Gejolak Global Picu Kenaikan Harga Tahu di Banjarmasin

  • 13 Jun 2026 12:52 WIB
  •  Banjarmasin
Poin Utama
  • Gejolak ekonomi global berdampak pada meningkatnya biaya produksi pabrik tahu di Banjarmasin.
  • Kenaikan harga bahan baku utama seperti kedelai dan minyak goreng menjadi faktor utama naiknya harga produksi.
  • Produsen tahu di kawasan Sungai Jingah, Muhammad Rohani, harus menyesuaikan harga jual agar usaha tetap bertahan.
  • Harga kedelai naik dari Rp9.000 menjadi Rp11.100 per kilogram, sedangkan minyak goreng dari Rp285.000 menjadi Rp330.000 per jerigen.
  • Meski penjualan masih stabil, pelaku usaha mengalami penurunan margin keuntungan dan berharap adanya stabilisasi harga dari pemerintah.
Video

RRI.CO.ID, Banjarmasin - Gejolak ekonomi global mulai berdampak pada operasional pabrik tahu di Kota Banjarmasin. Kondisi tersebut menyebabkan harga tahu di tingkat produsen mengalami kenaikan seiring meningkatnya biaya produksi.

Kenaikan harga bahan pokok seperti kedelai dan minyak goreng menjadi faktor utama yang mempengaruhi biaya operasional para pelaku usaha. Hal ini membuat produsen tahu terpaksa menyesuaikan harga jual untuk menjaga keberlangsungan usaha mereka.

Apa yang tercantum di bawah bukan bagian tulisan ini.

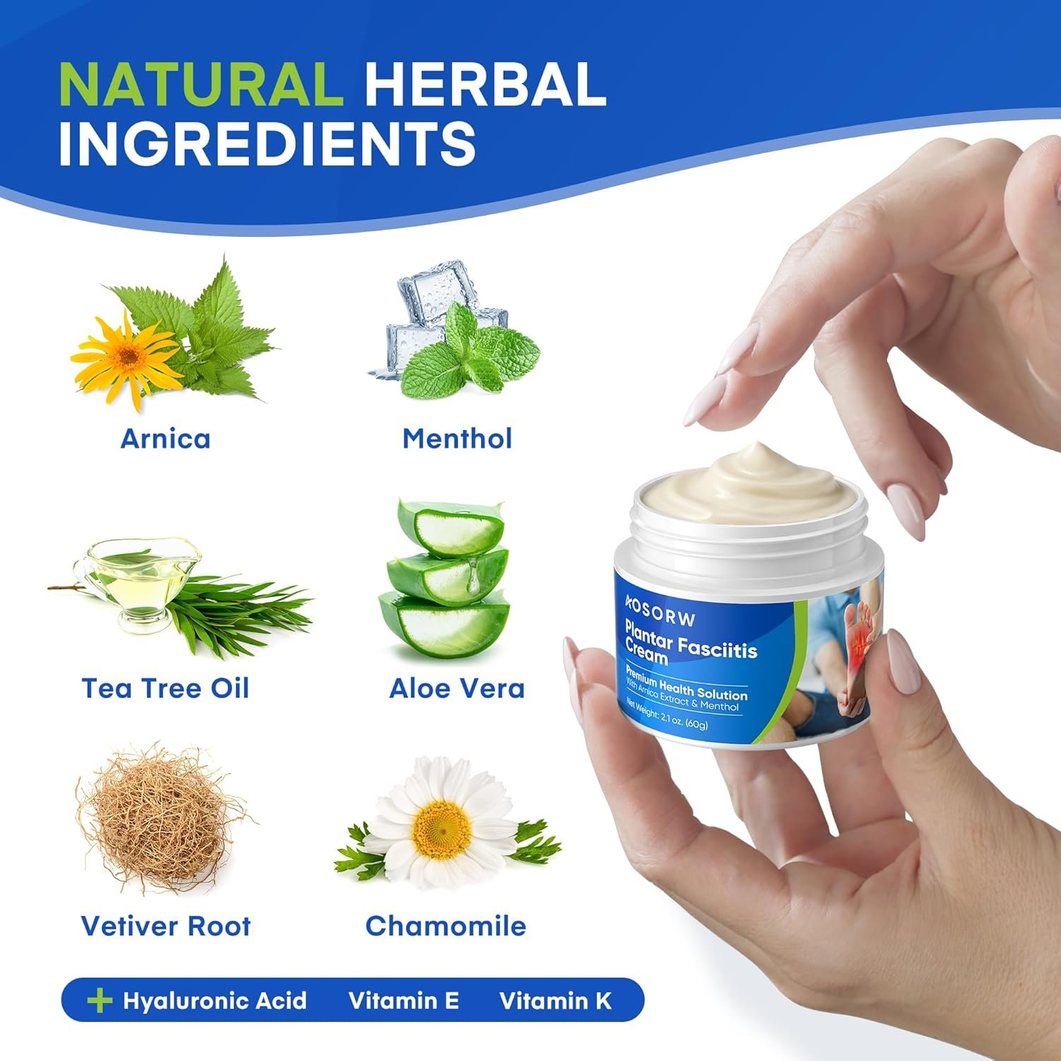 AOSORW offers a range of natural products, including our plantar fasciitis cream, which is designed to help relieve discomfort in muscles, joints, and feet. Our formulations focus on supporting mobility and providing comfort for everyday use.

Salah satu pemilik pabrik tahu di kawasan Sungai Jingah, Muhammad Rohani, mengaku harus memutar strategi agar usahanya tetap berjalan. Ia menyebut lonjakan harga bahan baku sangat mempengaruhi proses produksi sehari-hari.

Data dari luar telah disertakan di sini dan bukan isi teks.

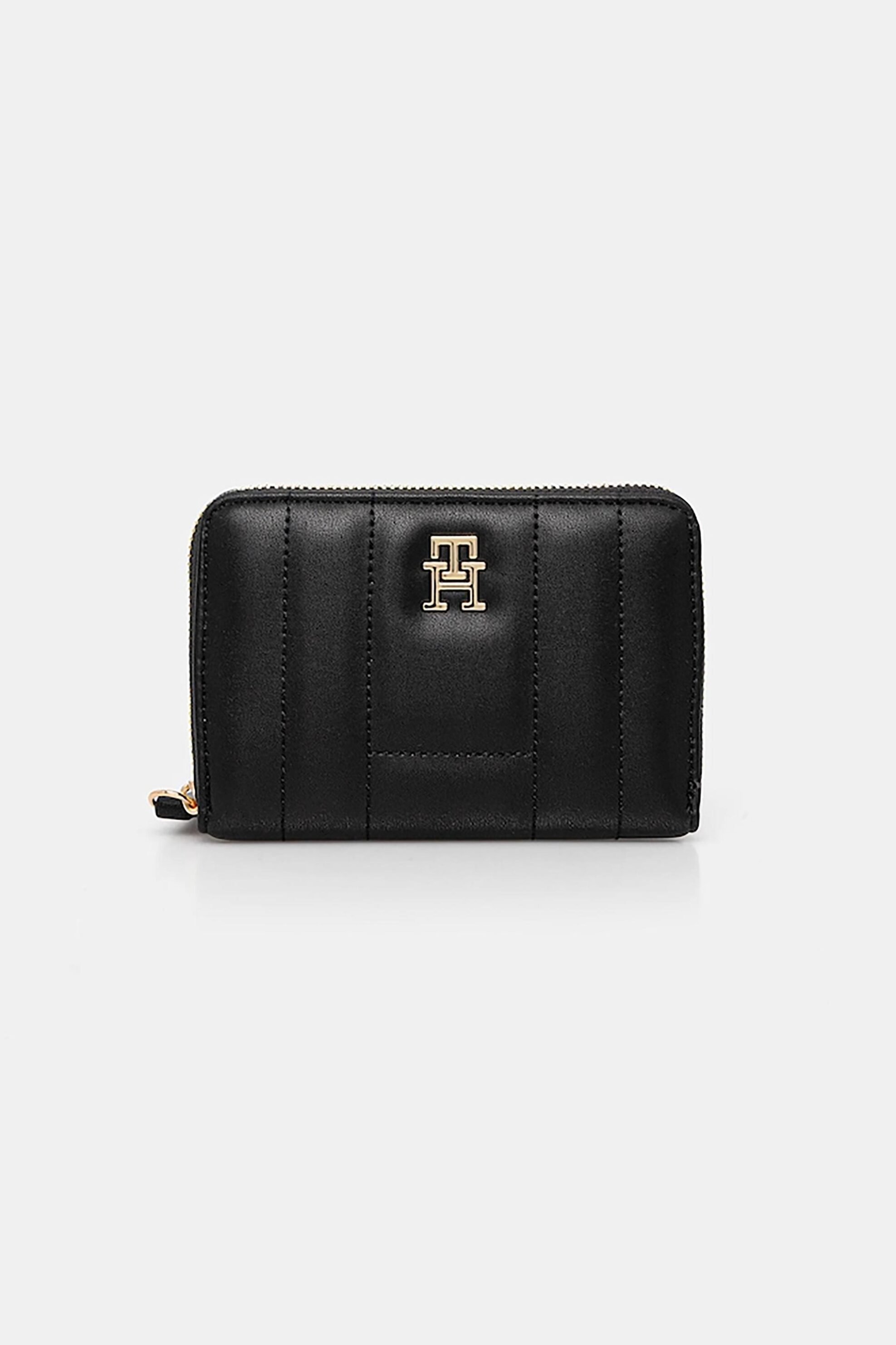 Γυναικείο πορτοφόλι. Μεταλλικό μονόγραμμα. Κλείσιμο με φερμουάρ. Τσέπη νομισμάτων με κούμπωμα. Μοντέλο με επένδυση. Αριθμός υποδοχών καρτών: 4. Διαμέρισμα για χαρτονομίσματα. Διαστάσεις: 13,5 x 9,5 cm. Προέλευση: CN. 100% polyurethane SARKK ΑΕ

Harga kedelai yang sebelumnya berada di kisaran Rp9.000 kini naik menjadi Rp11.100 per kilogram, sementara minyak goreng juga mengalami kenaikan dari Rp285.000 menjadi Rp330.000 per jerigen isi 18 liter. Kondisi ini berdampak pada penyesuaian harga tahu pong dari Rp110.000 menjadi Rp120.000 per keranjang berisi 350 tahu.

Meski penjualan masih stabil di sejumlah pasar dan pedagang kaki lima, pelaku usaha mengaku mengalami penurunan margin keuntungan. Mereka berharap adanya intervensi pemerintah untuk menstabilkan harga bahan baku agar usaha kecil tetap dapat bertahan di tengah tekanan ekonomi global.

google-preference

Rekomendasi Berita

Berita Terbaru Lainnya

Memuat berita terbaru.....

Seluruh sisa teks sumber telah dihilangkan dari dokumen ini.